# Anyone have long-finned females?



## Seki (Jul 10, 2012)

I was in Petco today while my books were being processed at the bookstore next door. They had just gotten a shipment of bettas in and the females were... whoa. I originally assumed they had put the wrong lids on cups of males, but... I examined the girls more closely and they definitely had ovipositors and more of a female body shape, even if their fins screamed MALE to me. They were HUGE, though, and their fins were nearly as long and flowy as my male's fins! All of these huge girls were veiltails.

I am very seriously considering going back and getting one, although part of me is wondering if that is asking for trouble in my sorority. But anyway... has anyone ever seen or does anyone have any long-finned females? I am very curious if they look like the "girls" I saw at Petco. Could I see pictures? ^_^


----------



## Seki (Jul 10, 2012)

No one has any?  Guess I'll have to go buy a girl or two so you guys can see! They are seriously the coolest looking females ever... I would have sworn they were males, but they had the ovipositor and a slightly different body shape!
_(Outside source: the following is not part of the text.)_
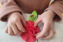 Светлана Николаевна с большим удовольствием рассказывала ребятам и их родителям об акции, о символическом значении цветка, и, конечно же обучала всех желающих мастерить гвоздики из гофрированной бумаги.

They wouldn't be, like, hermaphrodites, would they?


----------



## Deanna01 (Apr 22, 2013)

Almost all of my girls are long-finned. I have pics of some of them in the Planted Tanks thread: http://www.bettafish.com/showthread.php?t=212249


----------



## Deanna01 (Apr 22, 2013)

This is the Aquabid pic of my longest-finned female... (Who just BIT me, btw!)


----------



## Seki (Jul 10, 2012)

Oooh, they are so pretty!! I would love some HM females, but all but one of my girls are VT.

The females I saw had even longer fins, though. I think I've decided to get at least one, so I'll post pictures once I do! You guys will seriously be amazed at how long these fins are... If I could stock my entire sorority with these kinds of girls, I would! It would look like a bunch of males cohabiting peacefully, no joke!

ETA: They are all VT, so maybe their fins only look longer because of the signature drooping look. We'll see! I don't have time to get any today (gotta work), but I'll head down tomorrow and grab up one or two. If they're still there, that is!


----------



## Deanna01 (Apr 22, 2013)

Oh, you definitely should get at least one or two, then! They must be gorgeous!


----------



## Emparios (Jun 20, 2013)

I hope they're still there, I'd love to see pictures of them ^-^


----------



## Skyewillow (Dec 28, 2012)

Mnemosyne has longer fins


Willow (yellow) is long finned too.


----------



## Seki (Jul 10, 2012)

They are gorgeous, Skyewillow!! These girls had outrageously long fins, though. This is just a picture I snagged off of a google search, but the fins were seriously this long! With shorter ventrals, though... this picture is a male, I know. But it's just a reference.


----------



## Skyewillow (Dec 28, 2012)

That's how Willow's fins look, and if I couldn't see her ovaries through her body, I'd be convinced that she was a boy with an "ovipositor". I wish I had better pictures of her fins.


----------



## Fenghuang (Dec 28, 2012)

This was an Aquastar71 female that was up on Aquabid a while back.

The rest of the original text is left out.